在網絡爬蟲中,正確設置請求參數和頭部信息是非常重要的,它們決定了服務器如何處理我們的請求。

請求參數詳解
import requests
from urllib.parse import urlencode, quote

def advanced_parameters_demo():
    """
    演示高級參數處理
    """
    print("=== 高級參數處理演示 ===")

    # 1. 複雜參數結構
    print("\n1. 複雜參數結構:")

    complex_params = {
        'q': 'Python爬蟲',  # 中文搜索詞
        'page': 1,
        'size': 20,
        'sort': ['time', 'relevance'],  # 多值參數
        'filters': {
            'category': 'tech',
            'date_range': '2024-01-01,2024-12-31'
        },
        'include_fields': ['title', 'content', 'author'],
        'exclude_empty': True
    }

    # Requests會自動處理複雜參數
    response = requests.get('https://httpbin.org/get', params=complex_params)
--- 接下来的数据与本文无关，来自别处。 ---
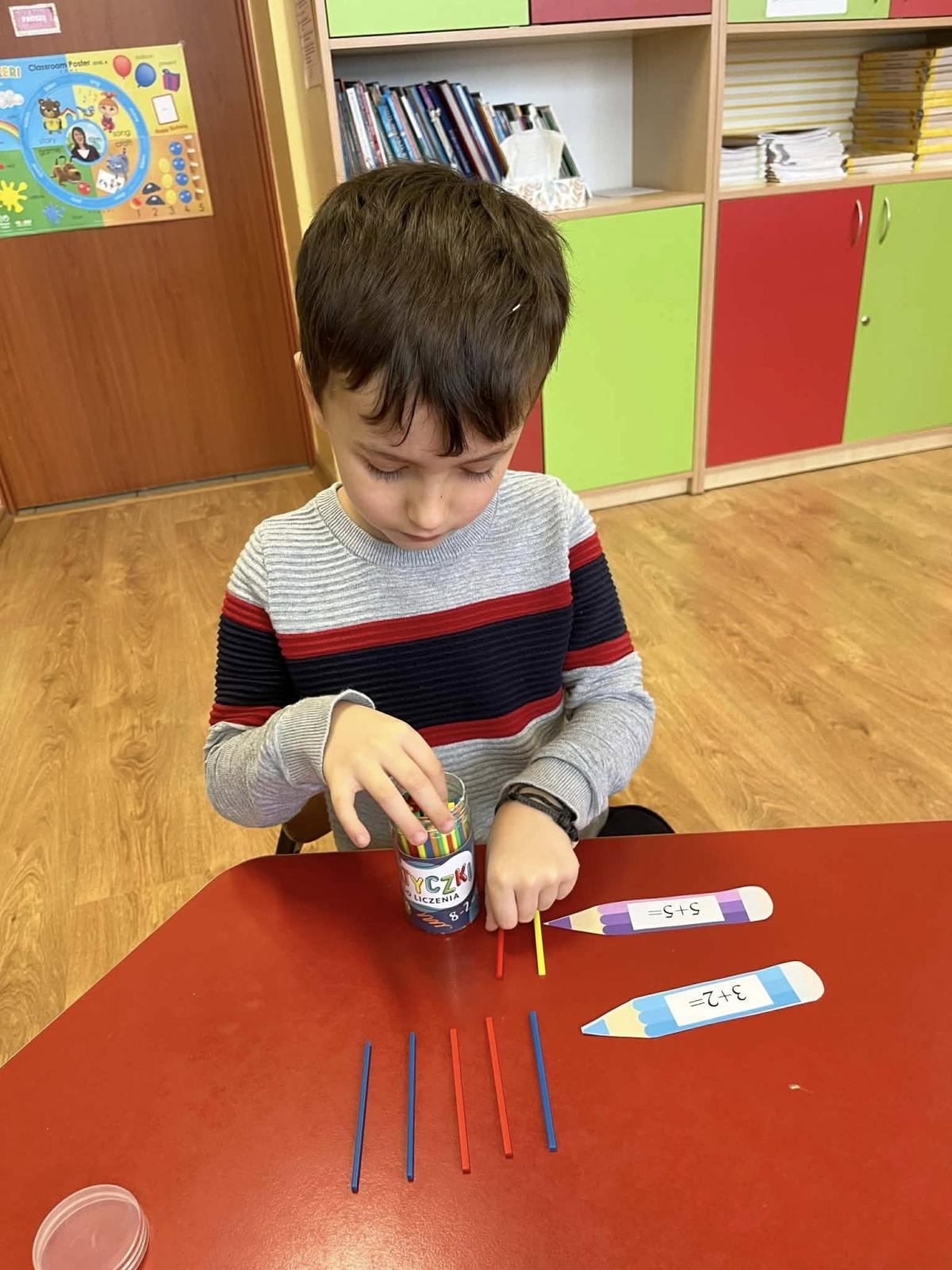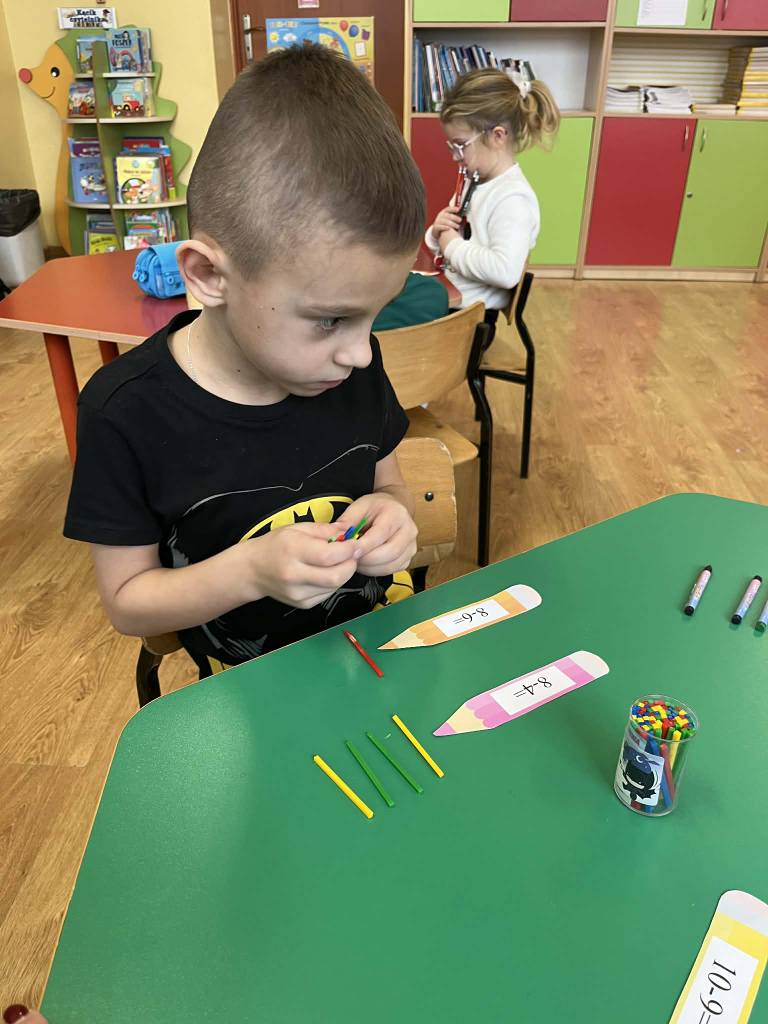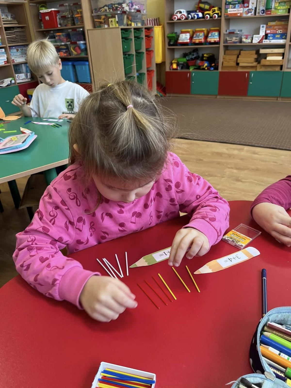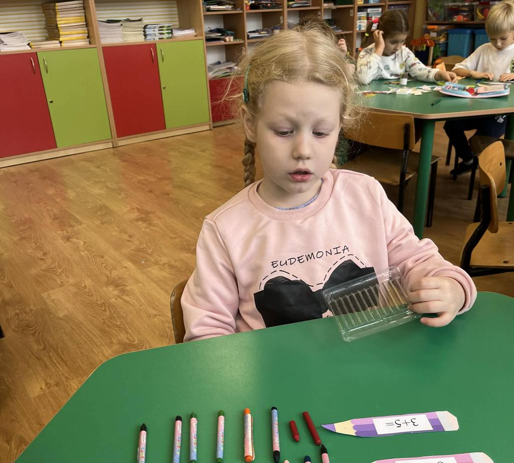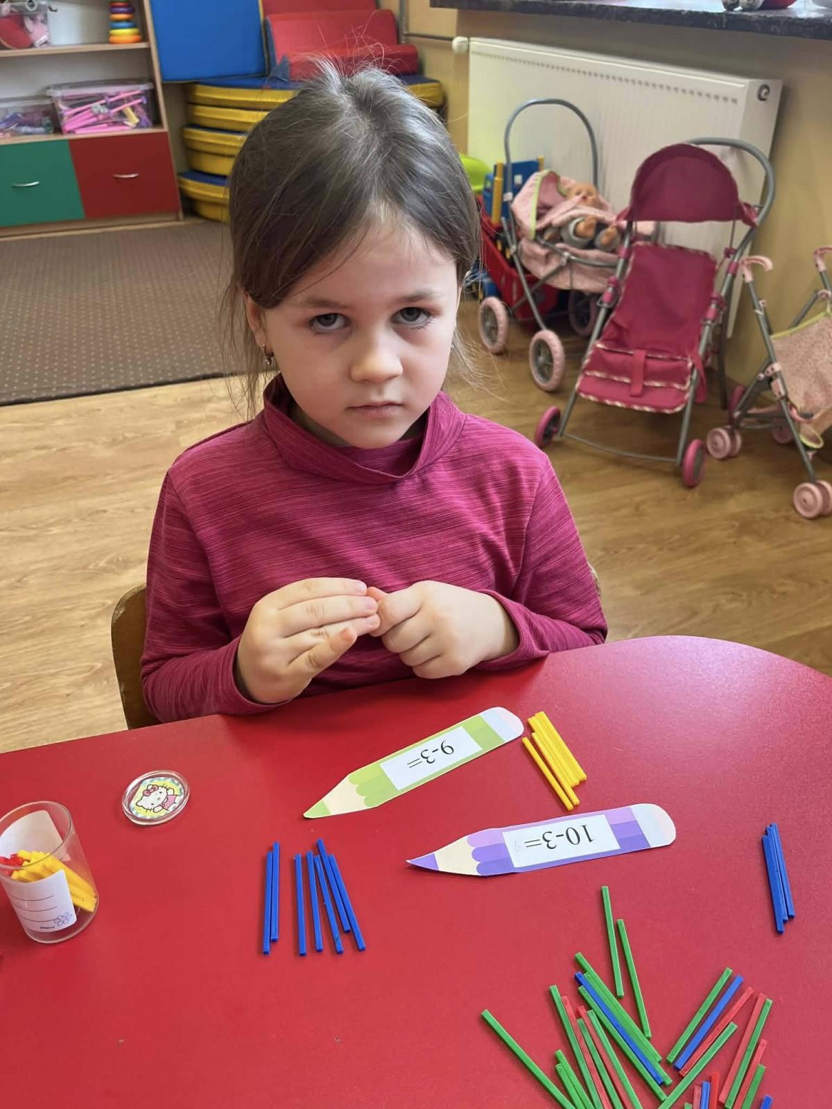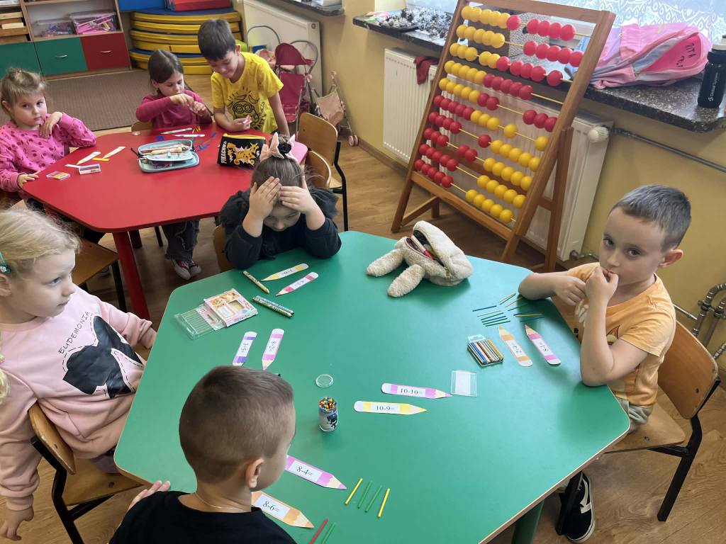 W części matematycznej każdy maluch otrzymał papierowe kredki z zadaniami do rozwiązania. Zadaniem dzieci było dopasowanie prawidłowych wyników, korzystając z kredek lub patyczków do liczenia. To prosty, a jednocześnie bardzo angażujący sposób na naukę przez zabawę.
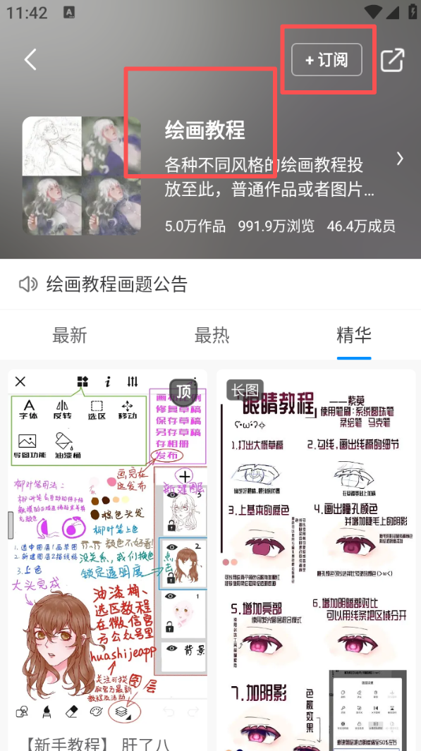 3、点击绘画教程,可以订阅不同风格的绘画教程。
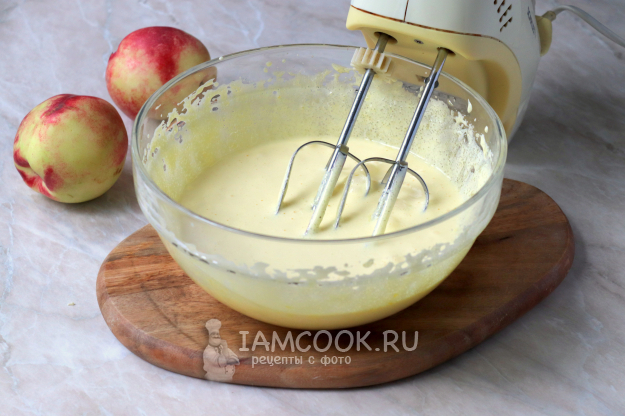 С помощью миксера взбейте массу до пышного светлого состояния.
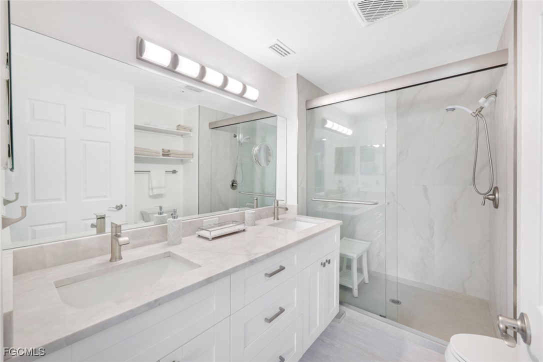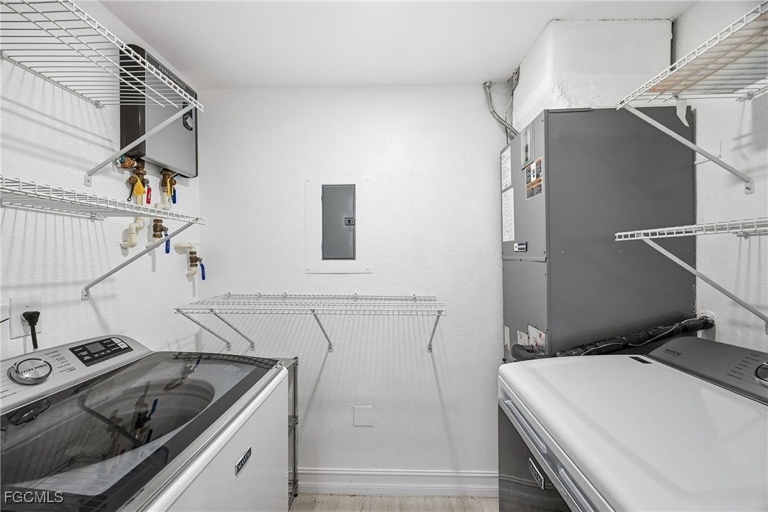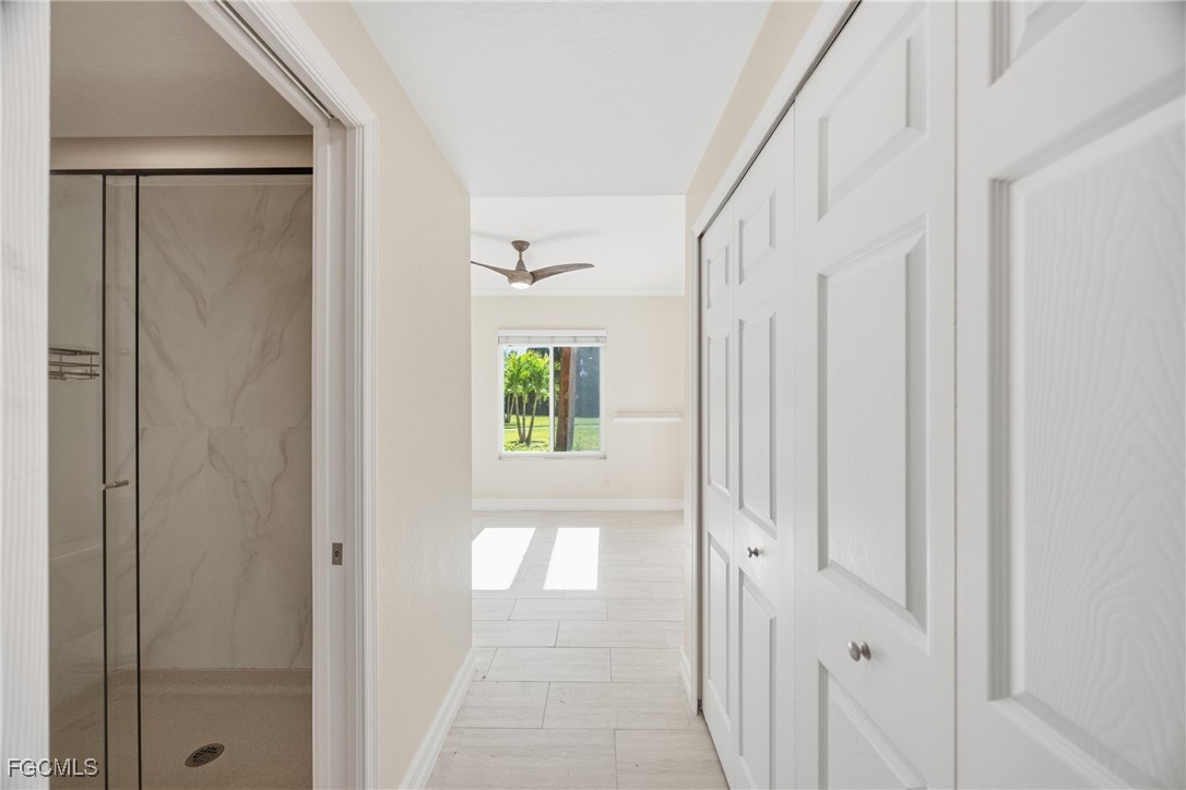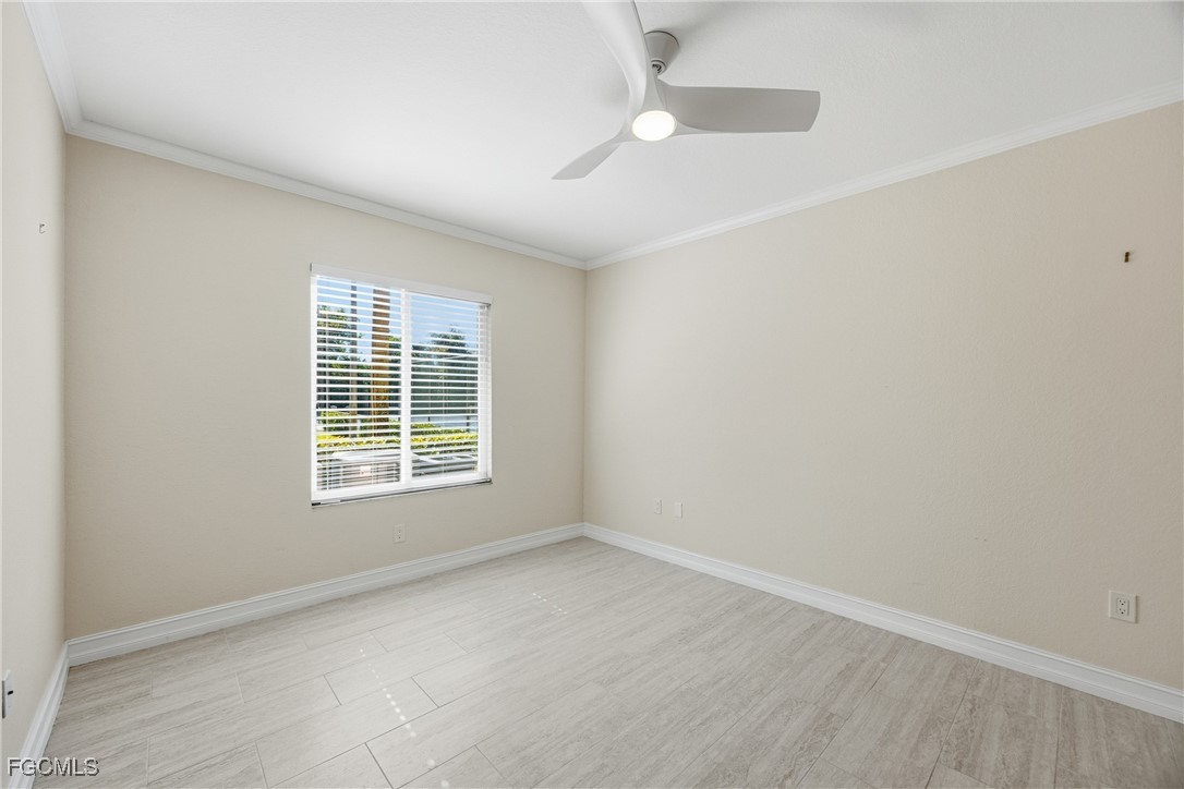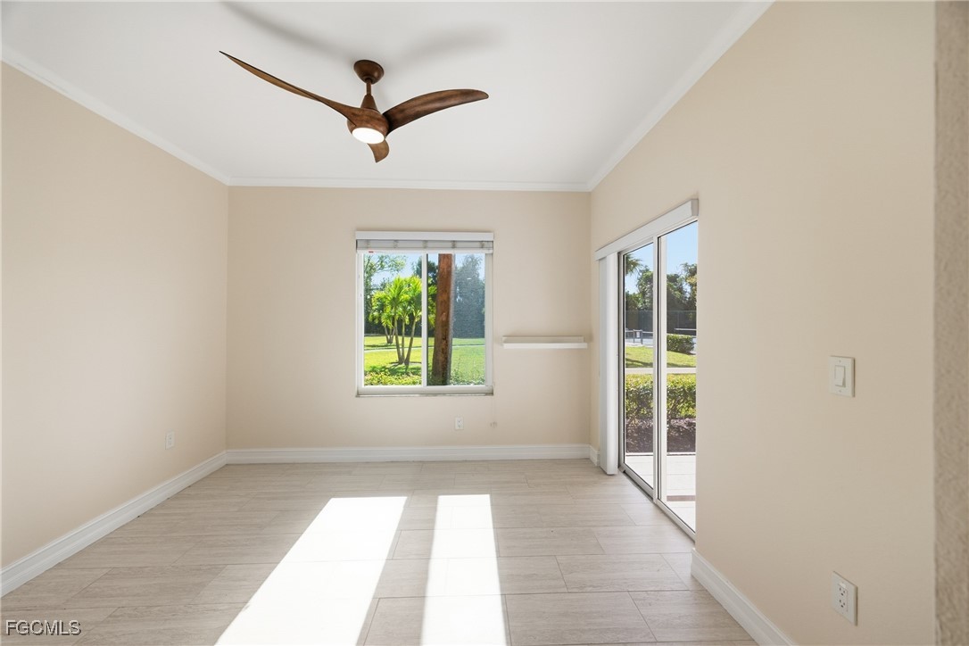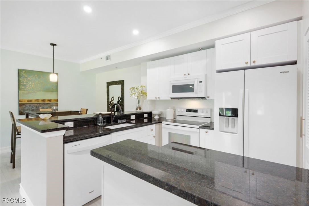 Welcome to Tuscany Gardens! This GORGEOUS 2 bedroom, 2 bath 1st floor condo with a detached garage (#44) has been meticulously remodeled and is perfect for those looking for a blend of convenience, luxury and comfort. These owners have thought of everything leaving you with nothing to do but move in. The open kitchen is bright and light with new white shaker cabinetry, white tile backsplash, granite countertops and new Whirlpool appliances. Additional cabinets have been added underneath the bar overlooking the dining area. The laundry room features a soft close door and is just off the kitchen with new washer and dryer. This home features new tile flooring throughout, new baseboards and crown molding, new HVAC, new tankless water heater, new recessed LED lighting, new light fixtures and fans, new plumbing fixtures and fresh paint. There is a new front door and all windows were replaced with doubled paned glass. Both bathrooms have been updated with new vanities with quartz countertops, new fixtures and walk-in showers with custom glass doors. You will love the HUGE walk-in shower and walk-in closet in the primary suite. Two large sliding glass doors take you to your own oversized, screened and tiled lanai. Here you look over a private green area with trees in the horizon and the serene landscape and southern rear exposure provides a picturesque backdrop that soothes the soul. You also have a storage closet just outside your front door. Tuscany Gardens is highly desirable, pet friendly, gated community located in South Fort Myers just off the Daniels Pkwy corridor. You will enjoy all of the amenities such as heated community pool, spa, remodeled clubhouse, fitness center, tennis courts/pickle ball courts and car wash station. You will have peace of mind with knowing this association is in good standing, has reserves, continues to update the community while keeping the HOA fees some of the most affordable in Fort Myers. Your fees include water/sewer, exterior insurance and pest control, lawn and landscape maintenance, security and use of the amenities. Ideal location near Bell Tower, shopping, dining, beaches, performing arts, Red Sox and Twins Spring Baseball fields, historic downtown, RSW Int'l Airport and lots more!

    print(f"構建的URL: {response.url}")

    result = response.json()
    print(f"\n服務器接收到的參數:")
    for key, value in result['args'].items():
        print(f"  {key}: {value}")

    # 2. 手動URL編碼
    print("\n2. 手動URL編碼:")

    # 處理特殊字符
    special_params = {
        'query': 'hello world & python',
        'symbols': '!@#$%^&*()+={}[]|\\:;"<>?,./'
    }

    # 方法1: 使用requests自動編碼
    response1 = requests.get('https://httpbin.org/get', params=special_params)
    print(f"自動編碼URL: {response1.url}")

    # 方法2: 手動編碼
    encoded_query = quote('hello world & python')
    manual_url = f'https://httpbin.org/get?query={encoded_query}'
    response2 = requests.get(manual_url)
    print(f"手動編碼URL: {response2.url}")

    # 3. 數組參數的不同處理方式
    print("\n3. 數組參數處理:")

    # 方式1: Python列表(默認行爲)
    list_params = {'tags': ['python', 'web', 'crawler']}
    response = requests.get('https://httpbin.org/get', params=list_params)
    print(f"列表參數URL: {response.url}")

    # 方式2: 手動構建重複參數
    manual_params = [('tags', 'python'), ('tags', 'web'), ('tags', 'crawler')]
    response2 = requests.get('https://httpbin.org/get', params=manual_params)
    print(f"手動重複參數URL: {response2.url}")

    # 4. 條件參數構建
    print("\n4. 條件參數構建:")

    def build_search_params(keyword, page=1, filters=None, sort_by=None):
        """
        根據條件構建搜索參數
        """
        params = {'q': keyword, 'page': page}

        if filters:
            for key, value in filters.items():
                if value:  # 只添加非空值
                    params[f'filter_{key}'] = value

        if sort_by:
            params['sort'] = sort_by

        return params

    # 使用條件參數構建
    search_filters = {
        'category': 'technology',
        'author': '',  # 空值,不會被添加
        'date': '2024-01-01'
    }

    params = build_search_params(
        keyword='Python教程',
        page=2,
        filters=search_filters,
        sort_by='date_desc'
    )

    response = requests.get('https://httpbin.org/get', params=params)
    print(f"條件構建的參數: {response.json()['args']}")

# 運行參數演示
if __name__ == "__main__":
    advanced_parameters_demo()
請求頭部詳解
import requests
import time
import random

def advanced_headers_demo():
    """
    演示高級請求頭處理
    """
    print("=== 高級請求頭演示 ===")

    # 1. 完整的瀏覽器請求頭模擬
    print("\n1. 完整瀏覽器頭部模擬:")

    browser_headers = {
        'User-Agent': 'Mozilla/5.0 (Windows NT 10.0; Win64; x64) AppleWebKit/537.36 (KHTML, like Gecko) Chrome/120.0.0.0 Safari/537.36',
        'Accept': 'text/html,application/xhtml+xml,application/xml;q=0.9,image/avif,image/webp,image/apng,*/*;q=0.8',
        'Accept-Language': 'zh-CN,zh;q=0.9,en;q=0.8',
        'Accept-Encoding': 'gzip, deflate, br',
        'DNT': '1',  # Do Not Track
        'Connection': 'keep-alive',
        'Upgrade-Insecure-Requests': '1',
        'Sec-Fetch-Dest': 'document',
        'Sec-Fetch-Mode': 'navigate',
        'Sec-Fetch-Site': 'none',
        'Sec-Fetch-User': '?1',
        'Cache-Control': 'max-age=0'
    }

    response = requests.get('https://httpbin.org/get', headers=browser_headers)
    received_headers = response.json()['headers']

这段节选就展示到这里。